Dataset excerpt:
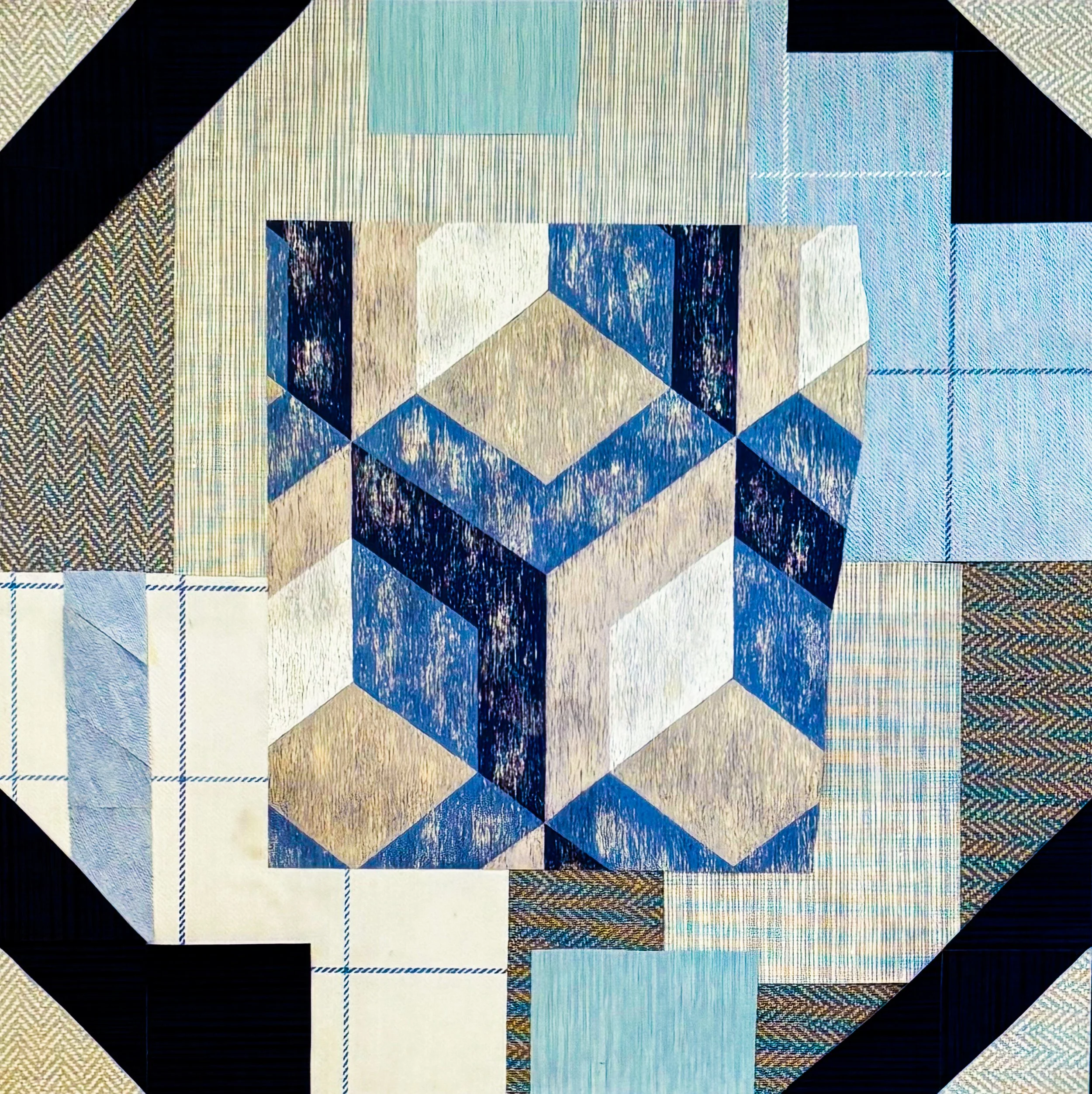 She encourages attendees to look in their environment for things they would like to incorporate in their collages, including, maps, newspapers, photos, magazines tear sheets, music sheets, fabric swatches, paint swatches, hard copies of their artwork, tissue paper, wrapping paper, labels from food (cans, boxes, old mail -anything paper, jewelry, and sewing related materials. She encourages people to look in their own home before going out and buying any art materials for projects. This is especially true for collage projects.
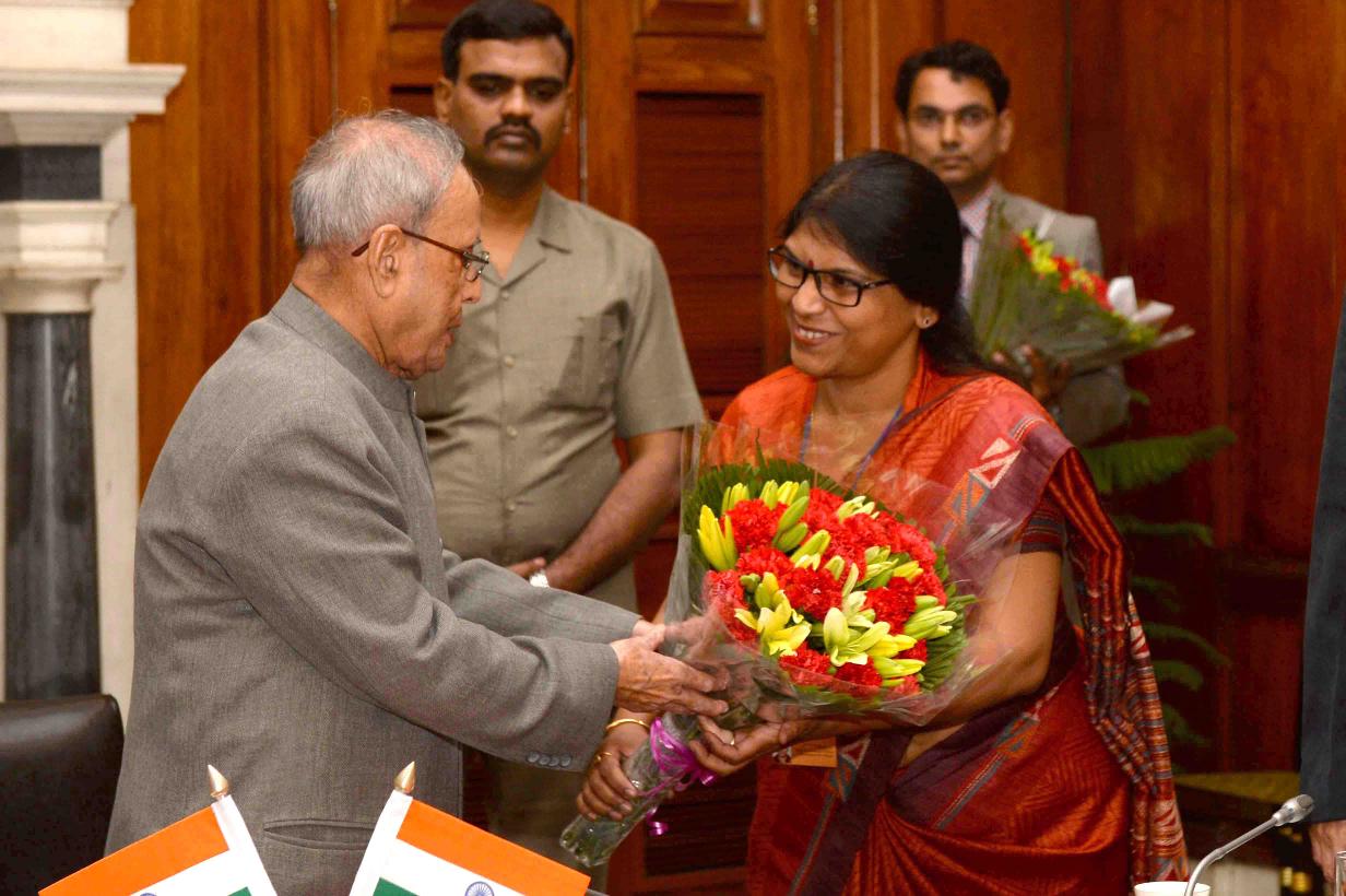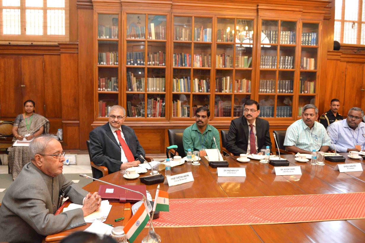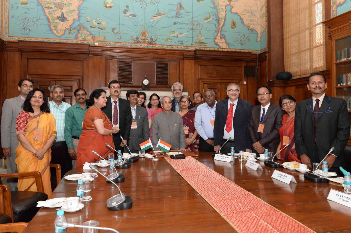 | Caption: | The President of India, Shri Pranab Mukherjee meeting with the 13th Inspired Teachers attending In-Residence Programme for Inspired Teachers from Central Universities, at Rashtrapati Bhavan on April 26, 2016. |
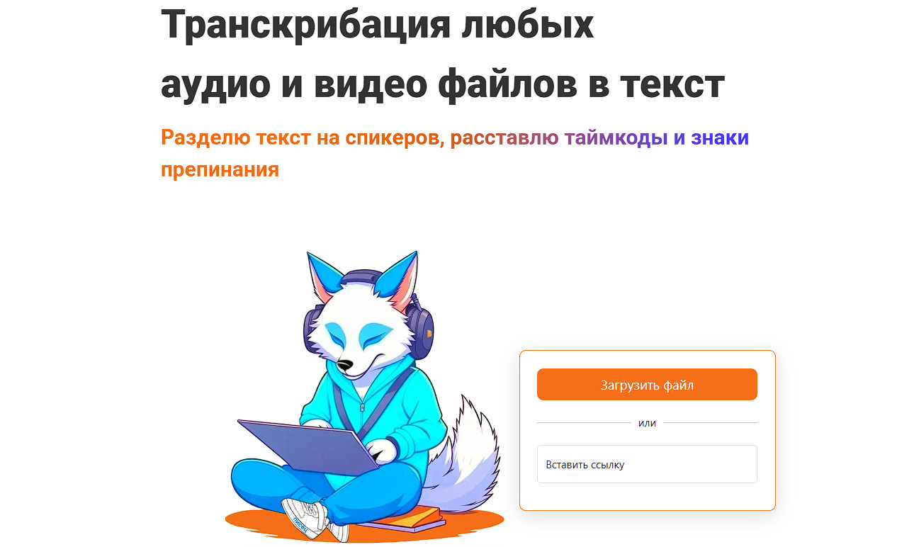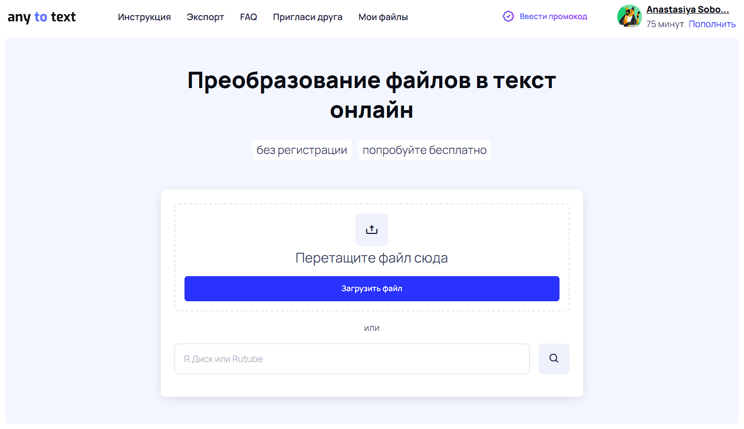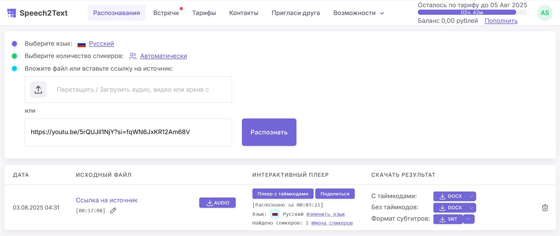 - rates: upon registration - free package of 10 min; further from 1290 ₽ for 5 h (you can upload several files in parallel). Free - files ≤10 min, linear queue, waiting up to 72 h; paid - files up to 6 h and 4 GB, higher priority.
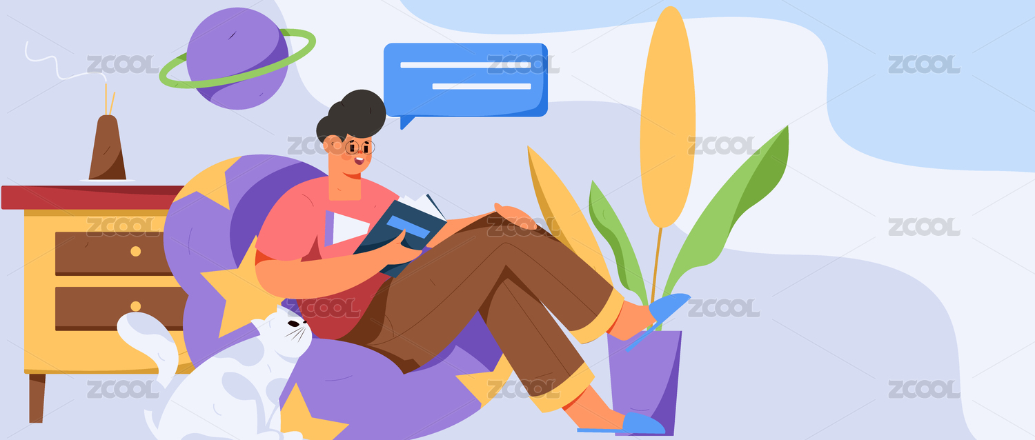卡通自由职业工作吸猫办公求职矢量背景插画

Exercise: Nothing but the lines from the line with "- rates: upon" through the last line of the data above should be printed, exactly as written and without pictures.

Your response:
 - rates: upon registration - free package of 10 min; further from 1290 ₽ for 5 h (you can upload several files in parallel). Free - files ≤10 min, linear queue, waiting up to 72 h; paid - files up to 6 h and 4 GB, higher priority.
卡通自由职业工作吸猫办公求职矢量背景插画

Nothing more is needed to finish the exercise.